-- THE INPUT follows --

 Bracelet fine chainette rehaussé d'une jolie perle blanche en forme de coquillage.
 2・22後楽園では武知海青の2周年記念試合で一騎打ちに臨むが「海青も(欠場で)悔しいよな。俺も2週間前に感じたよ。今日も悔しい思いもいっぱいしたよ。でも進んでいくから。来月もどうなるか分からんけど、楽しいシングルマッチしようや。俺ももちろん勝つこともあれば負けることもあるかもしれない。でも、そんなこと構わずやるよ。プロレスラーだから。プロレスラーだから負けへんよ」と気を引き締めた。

-- THE INPUT concluded --
-- THE INPUT follows --

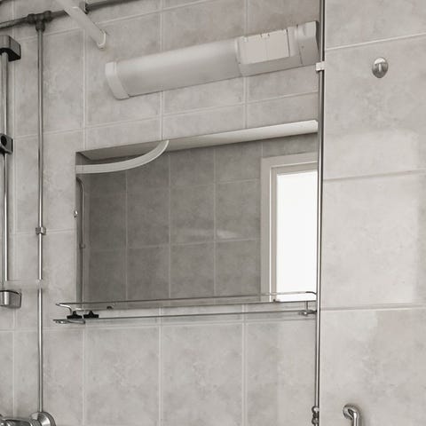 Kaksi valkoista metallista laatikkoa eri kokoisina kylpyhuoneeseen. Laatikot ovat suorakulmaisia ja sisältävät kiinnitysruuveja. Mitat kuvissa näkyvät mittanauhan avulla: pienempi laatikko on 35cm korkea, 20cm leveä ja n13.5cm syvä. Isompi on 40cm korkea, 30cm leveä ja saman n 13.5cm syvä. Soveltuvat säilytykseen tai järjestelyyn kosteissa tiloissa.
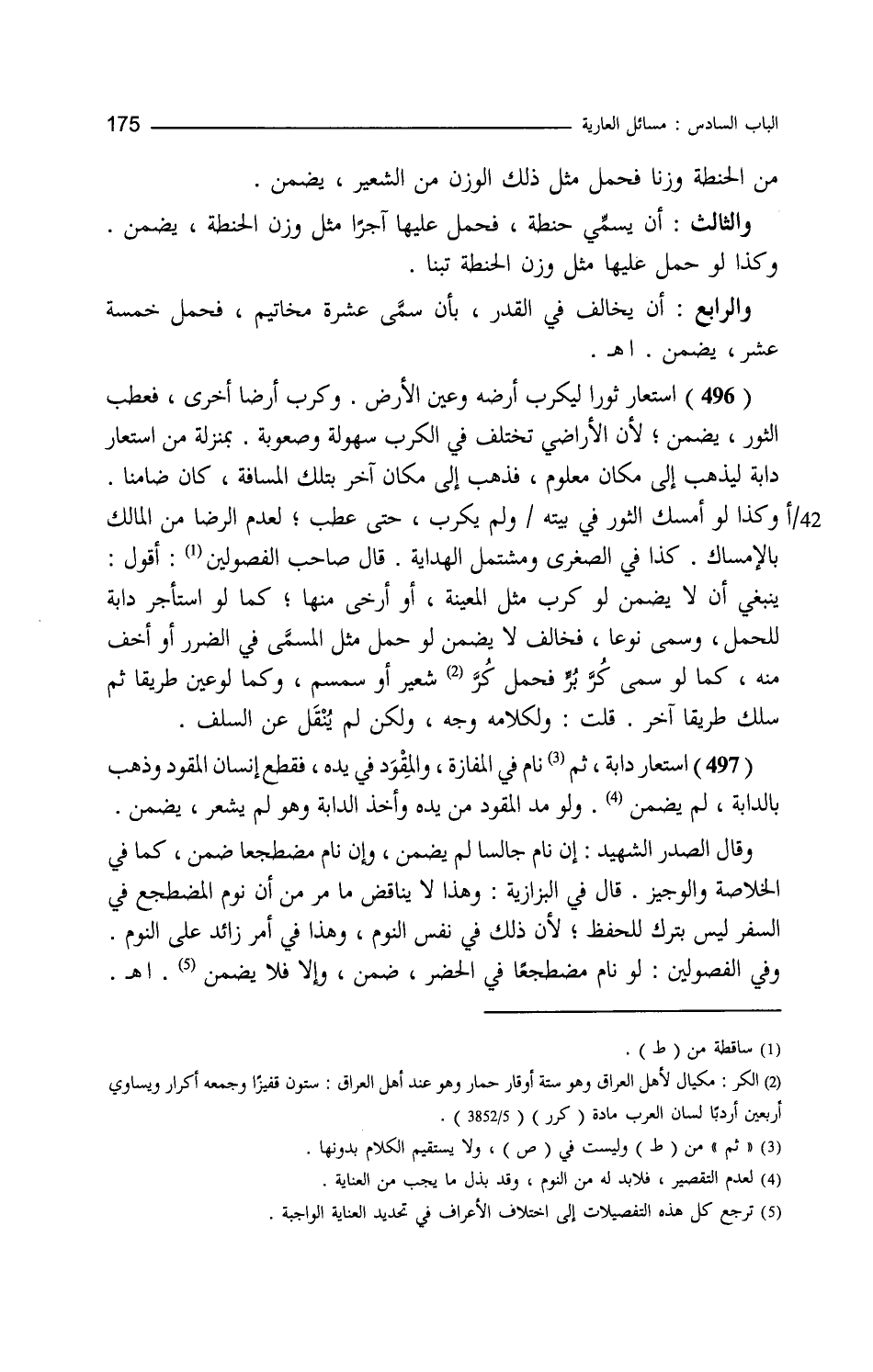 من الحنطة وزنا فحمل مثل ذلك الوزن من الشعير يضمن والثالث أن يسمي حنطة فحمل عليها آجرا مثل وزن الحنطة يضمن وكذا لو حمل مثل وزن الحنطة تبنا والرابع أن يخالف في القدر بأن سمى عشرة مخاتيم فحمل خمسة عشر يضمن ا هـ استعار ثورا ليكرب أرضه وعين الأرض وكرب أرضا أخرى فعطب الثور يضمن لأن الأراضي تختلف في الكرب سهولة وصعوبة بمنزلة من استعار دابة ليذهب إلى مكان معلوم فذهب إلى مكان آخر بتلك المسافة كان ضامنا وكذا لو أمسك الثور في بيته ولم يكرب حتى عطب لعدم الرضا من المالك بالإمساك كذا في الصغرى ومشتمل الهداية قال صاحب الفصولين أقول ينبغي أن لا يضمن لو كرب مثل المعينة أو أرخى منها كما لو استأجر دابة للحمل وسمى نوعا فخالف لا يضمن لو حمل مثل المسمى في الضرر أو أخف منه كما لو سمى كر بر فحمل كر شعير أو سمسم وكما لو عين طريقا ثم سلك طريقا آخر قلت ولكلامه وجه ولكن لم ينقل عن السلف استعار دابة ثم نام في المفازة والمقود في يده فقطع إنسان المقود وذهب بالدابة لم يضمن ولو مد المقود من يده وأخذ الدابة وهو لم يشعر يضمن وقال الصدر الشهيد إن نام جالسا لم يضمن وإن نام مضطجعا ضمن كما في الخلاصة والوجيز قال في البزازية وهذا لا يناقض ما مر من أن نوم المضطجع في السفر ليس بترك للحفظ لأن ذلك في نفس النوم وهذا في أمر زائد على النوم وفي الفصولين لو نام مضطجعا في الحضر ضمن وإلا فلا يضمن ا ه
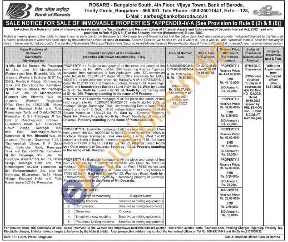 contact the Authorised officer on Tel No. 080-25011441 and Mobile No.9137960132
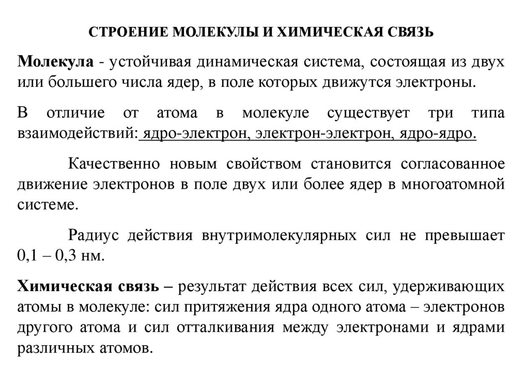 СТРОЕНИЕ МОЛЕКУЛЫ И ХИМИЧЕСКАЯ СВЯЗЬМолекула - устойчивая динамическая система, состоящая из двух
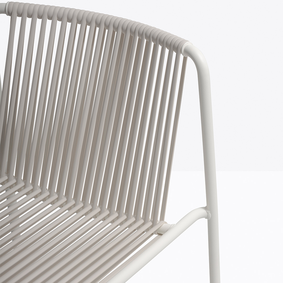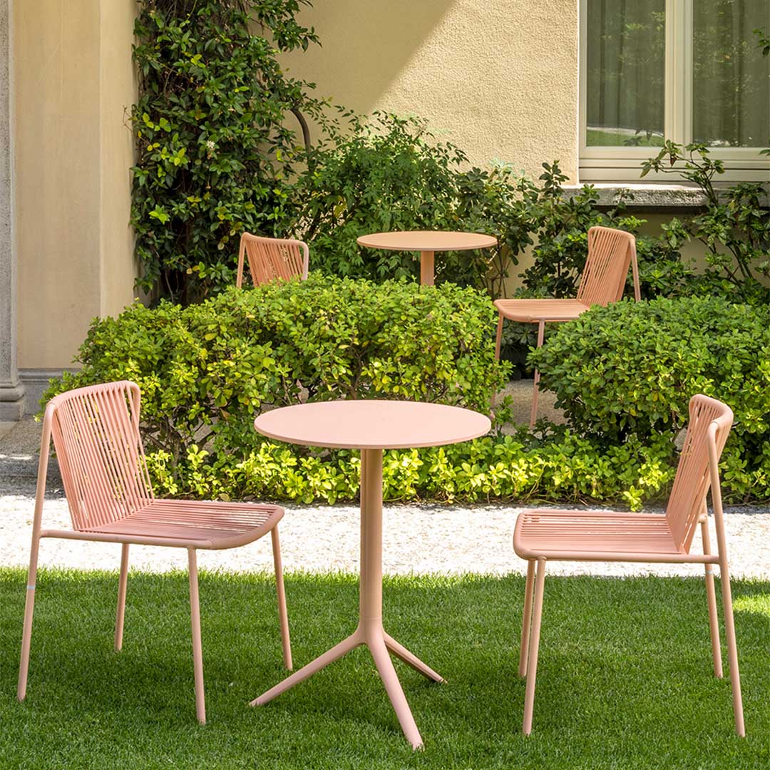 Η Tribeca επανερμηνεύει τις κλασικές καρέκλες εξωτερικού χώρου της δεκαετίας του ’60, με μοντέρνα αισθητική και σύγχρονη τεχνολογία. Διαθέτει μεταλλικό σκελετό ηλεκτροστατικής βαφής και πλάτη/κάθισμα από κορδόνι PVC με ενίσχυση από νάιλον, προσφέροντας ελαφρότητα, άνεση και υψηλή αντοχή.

-- THE INPUT concluded --

**WHAT TO PRODUCE:** Please, from the entries above, set down exactly the lines from the one containing "Bracelet fine chainette" through the one containing "2・22後楽園では武知海青の", and only those.

**REPLY:**
 Bracelet fine chainette rehaussé d'une jolie perle blanche en forme de coquillage.
 2・22後楽園では武知海青の2周年記念試合で一騎打ちに臨むが「海青も(欠場で)悔しいよな。俺も2週間前に感じたよ。今日も悔しい思いもいっぱいしたよ。でも進んでいくから。来月もどうなるか分からんけど、楽しいシングルマッチしようや。俺ももちろん勝つこともあれば負けることもあるかもしれない。でも、そんなこと構わずやるよ。プロレスラーだから。プロレスラーだから負けへんよ」と気を引き締めた。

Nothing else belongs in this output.